Надвигались сумерки. На пароходе уже зажгли огни.
Мы вылезли из теплушки на самой конечной станции. Здесь позавчера был Врангель, теперь он за сто верст.
Дальше ехать нельзя — там путь разрушен, взорваны рельсы, испорчены водокачки. И здесь тоже не все в порядке: в круглом кирпичном боку водокачки пролом, как будто кто-то пырнул ее в бок, а потом ушел, да так и оставил.
На этой станции у меня случилась беда. Мы сварили себе с Ульстом пшенную кашу в котелке на двух кирпичах. Только полили ее маслом, вдруг команда: «Становись!» Ульст задел котелок полой шинели, и вся каша, как была, вывалилась прямо на землю, в грязь. Мы только по две ложки подобрали с земли.

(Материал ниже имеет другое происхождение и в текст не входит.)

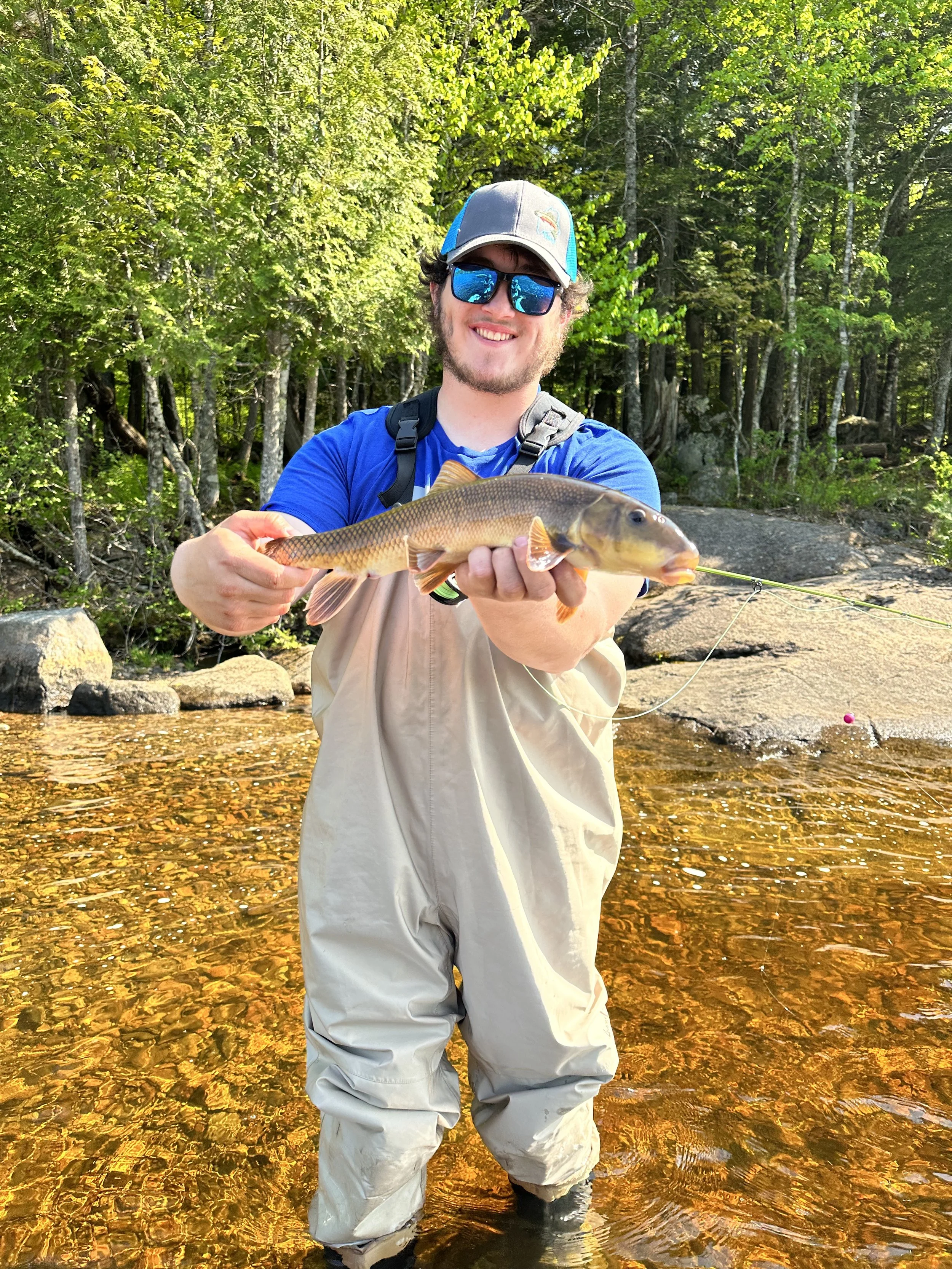 You pick the right fly and lay it out on the water perfectly. A big upstream mend and it starts to happen. The nose of the fish you’ve been casting at for hours splits the water and BOOM, your fly disappears. A subtle lift of the rod and fish on! The adrenaline is running and the hair on your arms is pin straight. Eyes are wide and you can’t help but to let it out. WAHOO! This is how I was hooked from the start. My name is Gavin O’Donnell, I am an avid fly fishermen and outdoorsmen. I have been fishing since before I can recall and fly fishing since I was a young boy. Listening to my father, grandfather, and uncle share their stories about growing up in Maine, and learning to fish always fascinated me. From my love of brook trout native to these waters, along with the landlocked salmon that love to give you a show, an addiction was born. Every time I got to put a rod in my hand the passion grew fonder. Before I knew it, my driving force was wanting other people to feel what I feel out there. I was set on the goal of guiding as my career. Being one with nature, the perfect imperfections of a river is where I find peace on my adventure. Most of my time is spent on the water, whether it is with a client or family and friends. Sometimes my dog Otis gets to come along too. My love for fly fishing is too large to put into words. I’d love to share that with you!

Мне жалко было этой каши. Никогда нам не удавалось так хорошо сварить ее.
Со станции мы вышли под вечер и до ночи прошли двадцать пять верст. У меня все разматывались мои проклятые обмотки. Я был занят ими и не замечал дороги. Пришли в какую-то деревню, нас довели до школы, и я, даже не оглядевшись, прикорнул где-то в углу.
Но не успел я, кажется, закрыть глаза, как меня разбудили. Оказывается, мы спали целых четыре часа. Я еле встал, шатаясь от усталости; болели ноги и спина, трудно было стоять прямо. Я не мог себе представить, что буду в состоянии снова шагать по дороге, но все-таки пошел. А через полтора — два километра ноги у меня как будто
размялись, и я почувствовал, что могу идти, не отставая от других. И действительно, шел не останавливаясь, даже как будто легко.

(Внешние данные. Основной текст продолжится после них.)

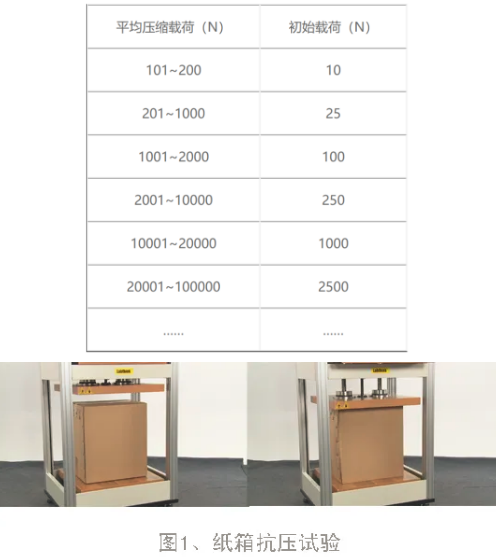 表2.瓦楞紙板的三種波形優(yōu)劣勢 2、瓦楞紙箱的長、寬、高 在瓦楞用紙的材質(zhì)與楞形、波形一致的情況下,成品紙箱的長寬高設計與其抗壓強度有著緊密的聯(lián)系。根據(jù)經(jīng)驗,瓦楞紙箱的長寬之比在1~1.8之間,對其抗壓強度的影響最小,僅為±5%,當二者比例為1.5左右時,紙箱的抗壓強度最高[1]。 此外,紙箱的高度不宜過高,應控制在350~650mm之間[2],當高度增加時,不穩(wěn)定性驟增,抗壓強度也會隨之下降。因此在設計紙箱的尺寸時,宜綜合考量三方比例,既保障紙箱具有良好的抗壓強度,又能減少成本的浪費。 3、印刷工藝 在重視品牌宣傳的今天,瓦楞紙箱的印刷設計越來越受到重視,殊不知,印刷工藝在一定程度上也會造成成品紙箱抗壓強度的下降。主要體現(xiàn)在兩個方面: (1)印刷壓力的影響。傳統(tǒng)印刷過程會對瓦楞紙板施以一定的壓力,若壓力過大則易將瓦楞壓潰,使其失去原有的抗壓功能; (2)油墨的浸潤影響。油墨是印刷工藝不可或缺的組成部分,但它會對瓦楞紙板表面產(chǎn)生浸潤作用,嚴重降低紙箱的抗壓強度。當印刷面積大以及套印次數(shù)多的時候,則會使這種浸潤作用更加明顯。 三、環(huán)境因素——濕度影響 根據(jù)上述介紹,瓦楞紙箱因采用吸水性很強的纖維材料,極易吸收水分,引起抗壓強度的下降。除了加工過程中對材料含水量的控制外,生產(chǎn)環(huán)境、存放環(huán)境、使用環(huán)境、天氣、等因素都有可能造成瓦楞紙箱的高濕環(huán)境。 根據(jù)研究資料的分析,相對濕度從40%上升到60%,抗壓強度下降的幅度最大,達到17%;其次是相對濕度80%至90%區(qū)間,抗壓強度下降了10%;下降幅度最小的是60%至80%區(qū)間,為7%[3]。因此,可以看出,瓦楞紙箱周圍的濕度越大,抗壓強度的損失也就越大。 四、瓦楞紙箱抗壓強度的精確測算 之前已經(jīng)介紹過經(jīng)典的抗壓強度計算公式——凱利卡特公式,雖然精確度已獲公認,但不可否認,這是一個基于靜態(tài)因素的測算公式,無法反映出成型工藝、印刷設計和環(huán)境因素的動態(tài)影響,經(jīng)此公式測算的抗壓強度與實際仍有一定差距。因此,現(xiàn)代企業(yè)更多的是利用紙箱抗壓試驗機進行精確測量。標準GB/T4857.4-2003《包裝運輸包裝件基本試驗》規(guī)定了抗壓強度的測試方法,下面結(jié)合XYD-15K紙箱抗壓機進行簡單介紹。 抗壓試驗的基本原理是將試驗品放置于紙箱抗壓機的壓板之間進行加壓,直至試樣損壞或達到預定載荷和位移值時為止。由此衍生為三種抗壓試驗模式,即“定壓力測形變”、“定形變測壓力”和“壓潰”。具體方法如下: 1、試樣溫濕度預處理。將樣品箱置于23℃,50%RH的環(huán)境下4小時進行試樣調(diào)節(jié)。 2、將預處理后的試樣封裝好,放置在紙箱抗壓機的下壓板中心。若采用“定壓力測形變”模式,則需設置預定壓力(“定形變測壓力”模式則需預設形變量)、初始載荷值等參數(shù),并調(diào)整高度參數(shù)至試樣高度值,其中初始載荷值的設定是為了使上壓板與試樣達到充分接觸,可參照表3進行設置。啟動試驗,上壓板在系統(tǒng)的控制下以適當?shù)乃俣认蛳逻\行,當試樣所受的壓力達到初始載荷值時,位移量自動清零,當壓力繼續(xù)增大至設定壓力值時,儀器自動結(jié)束試驗,并顯示試樣的變形量。而“壓潰”模式則無需壓力和位移量設置,試樣所承受的壓力值曲線不斷上升,在試樣壓潰的節(jié)點達到峰值后開始下降,當壓力值降到最大值的70%時,自動結(jié)束試驗。 表3初始載荷值

Чертовы обмотки меня мучили только первые два дня Потом они будто привыкли, приладились и перестали разматываться. Мы проходили по пятьдесят верст в день. Сутки, которые мы оставляли за собой, отпечатывались в памяти бесконечной лентой дороги. Казалось, что ей в самом деле нет конца. Дни мы мерили верстами: во вчерашнем дне было сорок девять верст дороги, в сегодняшнем — пятьдесят две.
Мы научились ходить машинально, мы научились жить на ходу. На восьмой, на девятый день похода мне уже казалось, что я никогда иначе и не жил, что я всю жизнь только ходил, точно заведенный. Можно было подумать, что в ногах у меня какая-то пружина, которая раскручивается только к ночи, а к утру снова становится тугой и напряженной.
Иногда, впрочем, мне удавалось поспать на ходу. Идешь, идешь, мерный шаг укачивает, глаза сами смыкаются, застилаются туманом. На ходу снятся даже какие-то странные сны, в которых участвуют и люди, и лошади, и двуколки, идущие рядом с тобой, и какие-то совсем уж несуразные вещи, которые могут мерещиться только во сне.
Первые два часа были самыми легкими — первые двеиадцать верст. Потом привал. Дальше идти уже было труднее.
Днем мы подгоняли себя песнями.
— Песенники, на середину! — командовал Князев, и мы с Ураловым и Степаненко, двумя голосистыми ребятами, выходили из рядов.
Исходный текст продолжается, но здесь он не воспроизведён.